AgentOps in 2026: the moment it becomes mandatory
The week AWS made its DevOps Agent generally available, enterprises across six AWS regions gained access to an autonomous agent that investigates incidents, executes SRE tasks, and has integrations with Datadog, PagerDuty, GitHub Enterprise, Grafana, and Azure. This isn't a demo. It's production infrastructure.
The teams receiving this capability face an AgentOps gap immediately: they have an agent, but they didn't build it. They don't have a registry entry for it. They don't have custom telemetry watching its behavior. They don't have governance policies defining what it should and shouldn't be allowed to do in their specific environment.
AWS provides the agent. AWS does not provide your organization's governance requirements. That's the AgentOps gap, and it's now a gap in production rather than in theory.

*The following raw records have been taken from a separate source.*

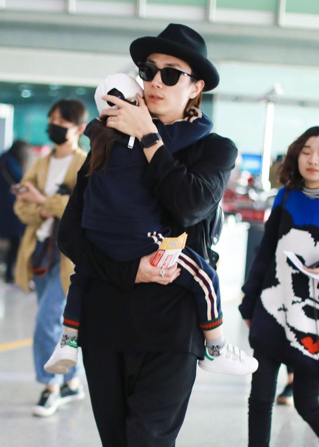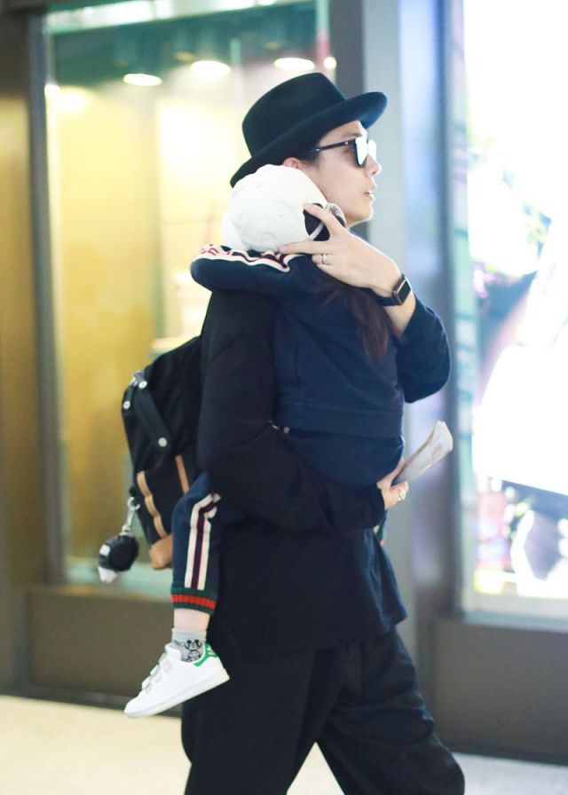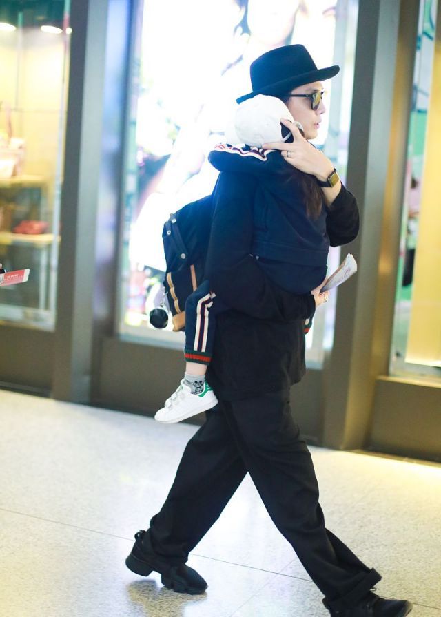 儿子Lucky也是潮装打扮,戴帽子扎马尾背影呆萌,趴妈妈肩上乖巧温顺好似鹿霍,父女合体亮相画面温馨有爱。
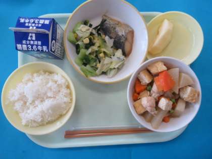今日の給食は、ごはん、牛乳、あつあげの中華に、さわらのさいきょうやき、ちんげんさいソテー、りんごです。今日の給食も野菜がたっぷりで、バランスのよいメニューでした。
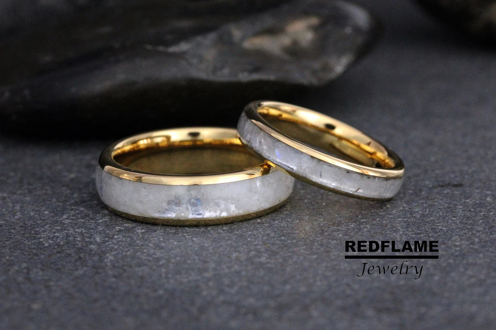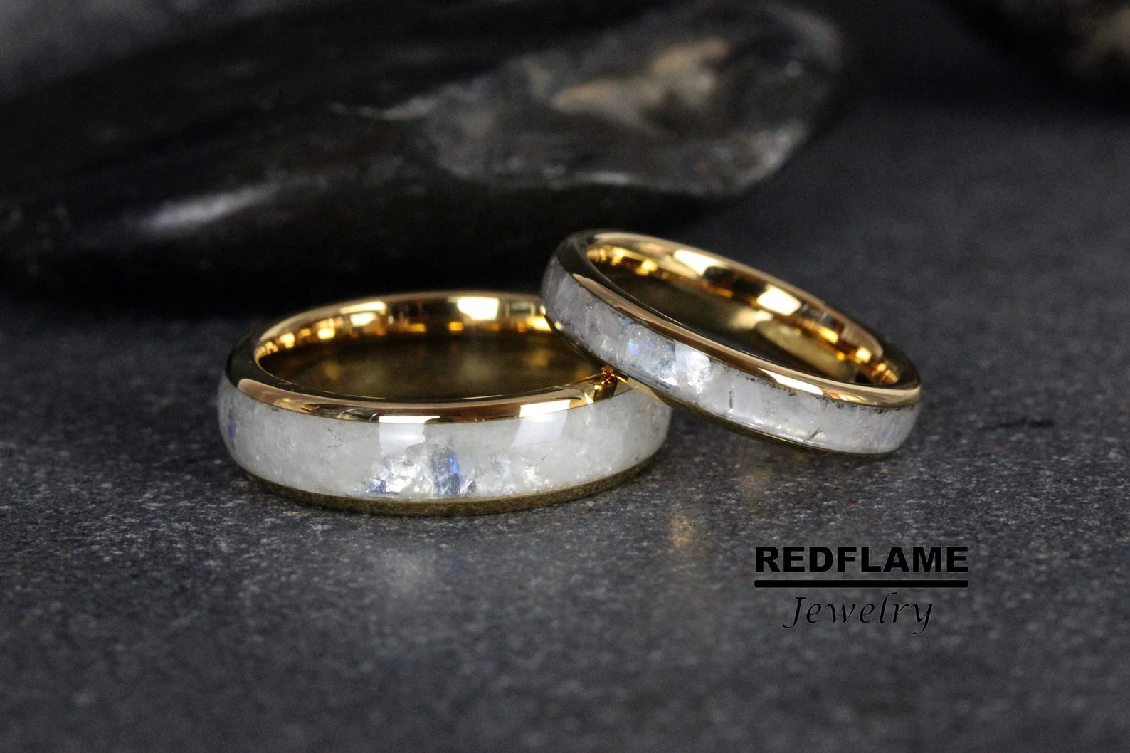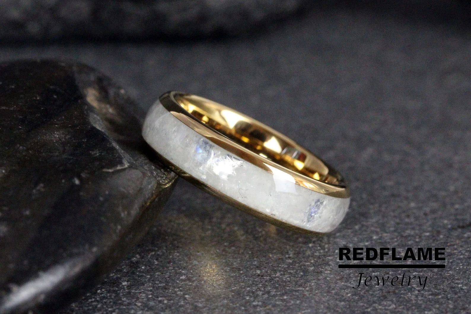 Rainbow Moonstone Gold Tungsten Ring- Custom Order – TungstenRingStudio
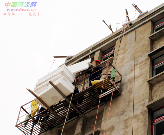 “做我们这行最重要的就是安全。”吕令川说,每次作业前,他们都要先检查安全设备,“有一点瑕疵也不能开工。”吕令川干外墙保温已经有4年了,在他的带领下,他们村里现在有10多个人都在从事这个行业。“我是在洛阳学的技术,两年前看到咱们菏泽建设步伐加快,于是就回来了,也为家乡的建设做点贡献。”吕令川憨厚地对记者说。

This is the inflection point AgentOps has been building toward: not the moment teams decide to ship their first agent, but the moment production agents arrive whether they're ready or not. The discipline can no longer be deferred.
A January 2026 Futurum Group survey of 628 enterprise IT leaders found that 60% of organizations are actively using AI to build and deploy software. LangChain's 2026 State of Agent Engineering report found that 89% of teams have implemented observability for their agents — but only 52% have adopted evals. The report doesn't ask directly about runtime governance enforcement, but if observability outpaces evals by 37 points, enforcement almost certainly lags further. Teams are watching. They're not yet controlling.
That gap closes the hard way — through incidents — or the planned way, through an AgentOps practice that treats governance as a first-class concern from day one.
If your team is at the stage of building out that practice, get early access to Waxell — the governance layer built specifically for production agent deployments.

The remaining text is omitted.